OPINIÃO

A vitória da menina Rita

Barbosa Lessa / Publicado em 2 de junho de 1998

Sempre foi meio estabanadinha. Tanto que nem esperou os nove meses e obrigou a mãe – que morava na Estância de Santa Isabel, em Jaguarão – a vir apressadamente para Rio Grande. Ali nasceu prematura, a 9 de junho de 1866, e foi batizada com o nome de Rita.

O pai vendeu a estância e se estabeleceu com charqueada na próspera Pelotas. Rita e um irmão receberam sólida instrução no Colégio São Francisco de Paula, dos mestres Laquintinie e Amarante.

Ela adorava estudar e queria continuar, mas em Pelotas só havia cursos primários. Teria que se mudar para Porto Alegre, a fim de cursar a Escola Normal.

Mas o pai ponderou que não valia a pena tanto esforço para se tornar professora: melhor seria ficar junto da mãe para se esmerar na administração de uma casa e fazer juz a um “bom partido”.

Até então, uma lei imperial impedia o acesso do sexo feminino aos cursos superiores, nessa época representado pelas Faculdades de Direito de São Paulo e Recife, pelas Faculdades de Medicina do Rio de Janeiro e da Bahia e por umas outras poucas mais.

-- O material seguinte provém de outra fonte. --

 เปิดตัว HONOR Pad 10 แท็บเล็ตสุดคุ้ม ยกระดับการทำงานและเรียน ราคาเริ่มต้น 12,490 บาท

Mas eis que, em 1879, por graça da Reforma Leôncio de Carvalho, o privilégio de um diploma superior foi estendido também às mulheres! Rita, na flor de seus treze anos, bateu pé que queria ser doutora. Conseguiu convencer o pai e foi fazer os “preparatórios” em Porto Alegre; mas, para que não ficasse tão só, o irmão foi matriculado também.

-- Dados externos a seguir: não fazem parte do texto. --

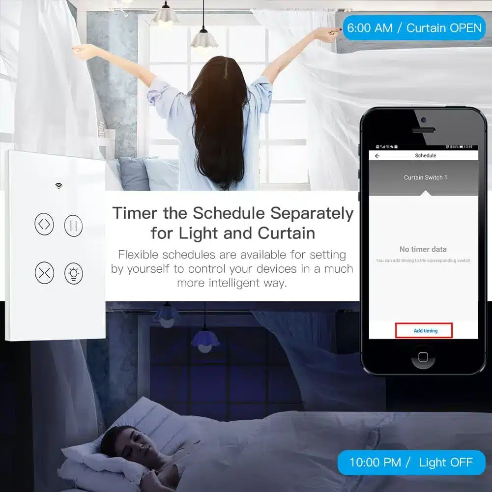 ⏱ Timers & Scheduling – Automate curtains and lights separately.

Em 1884 já estavam esses dois na Faculdade de Medicina do Rio de Janeiro; mas o irmão, por não sentir vocação para médico, foi inscrito na área de Farmácia.

Pela metade do 1º ano ocorreu uma agitação estudantil em que se envolveu o irmão, que ficou “marcado” pelos professores. Temendo que a filha ficasse “marcada” também, o pai aconselhou-a a voltar para casa. Ela bateu pé que-não-que-não-que-não.

O pai preferiu transferi-la para a longínqua Faculdade de Medicina da Bahia. No final de 1887 ela defendeu a tese “Paralelo entre os métodos pre-conizados na operação cesariana” e recebeu, com louvor, o título de médica.

E assim a Drª Rita Lobato pôde voltar aos pagos com seu sonho realizado e com o prestígio de ser a primeira mulher formada em Medicina no Brasil. Clinicou em Pelotas e Porto Alegre, casou-se e fixou residência em Rio Pardo, só pendurou as chuteiras em 1935 e foi curtir a santa paz rio-pardense na Estância Capivarita. Faleceu em 6 de janeiro de 1954.

* Luiz Carlos Barbosa Lessa é historiador, folclorista e escritor.